OBJECTIVE: To investigate cochlear implant performance outcomes among patients with Neurofibromatosis type 2 (NF2). STUDY
DESIGN: Retrospective case series, patient questionnaire, and systematic review of the literature.
SETTING: Tertiary academic referral center. PATIENTS: All patients with NF2 having an anatomically intact ipsilateral cochlear nerve who underwent cochlear implantation (CI). INTERVENTION(S): Cochlear implantation. MAIN OUTCOME MEASURES: Postimplantation audiometric performance and patient perceived benefit.

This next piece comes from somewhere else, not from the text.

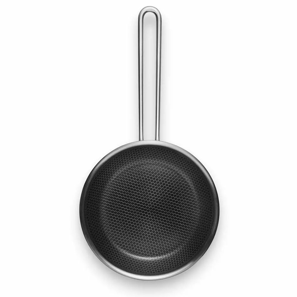Panden tåler metalredskaber uden risiko for at beskadige overfladen. Multi-layer 3-lags teknologien sikrer optimal varmefordeling og en slidstærk overflade, der modstår daglig brug. '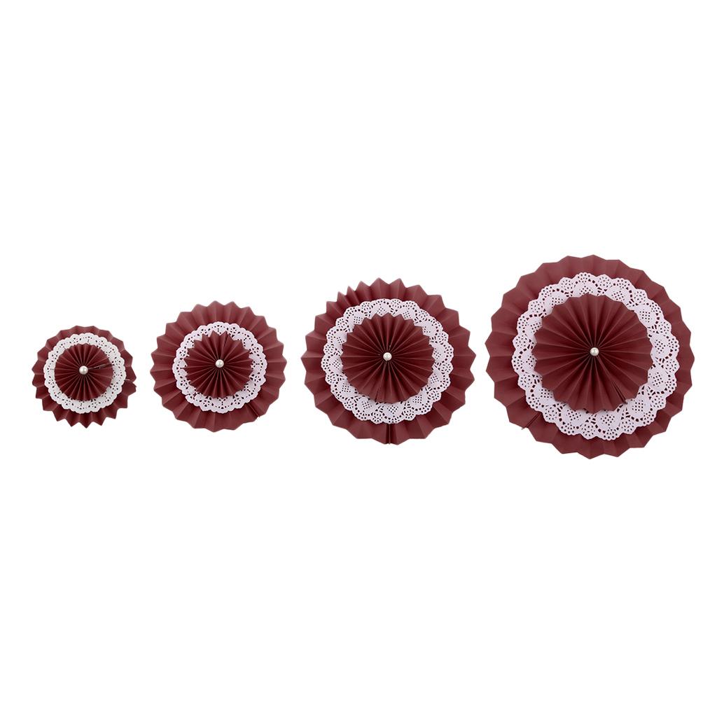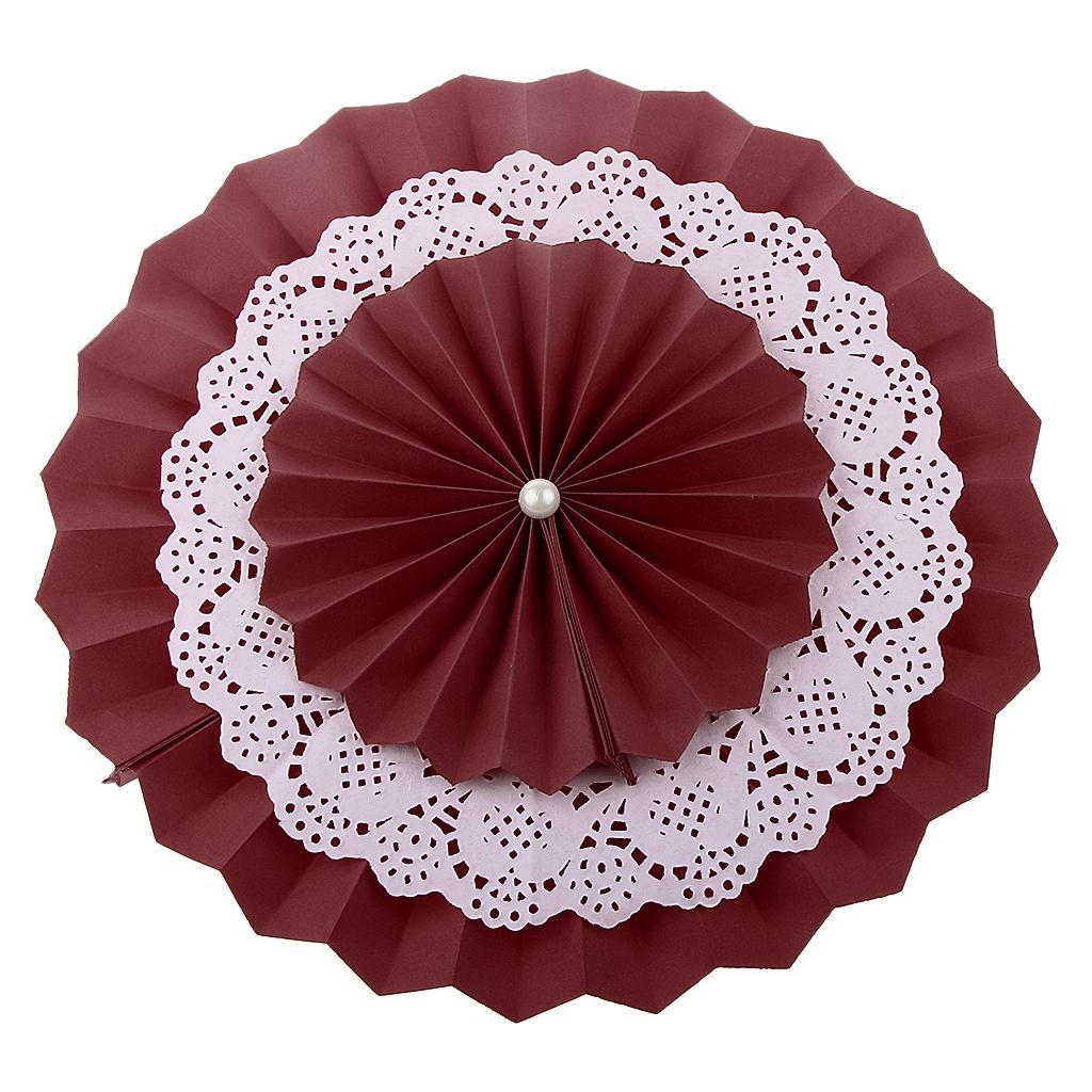 5pcs Paper Fan Flower Wedding Birthday Party Decor 10 inch Wine Red

RESULTS: Ten patients met study criteria. The median duration of follow-up after CI was 42 months (mean, 46.9 mo; range, 12-97 mo). Five patients received previous microsurgical resection of their ipsilateral vestibular schwannoma, 4 underwent previous stereotactic radiosurgery, and 1 patient had no tumor treatment before CI. Nine subjects achieved sound awareness, 6 attained open-set speech recognition and 7 are daily users. Variables including prolonged auditory deprivation, cochlear ossification, unfavorable electrical promontory stimulation testing, and useful contralateral hearing were associated with poor cochlear implant performance. No statistical associations were found between open-set recognition capacity and previous tumor management strategy, surgical approach, or ipsilateral tumor size.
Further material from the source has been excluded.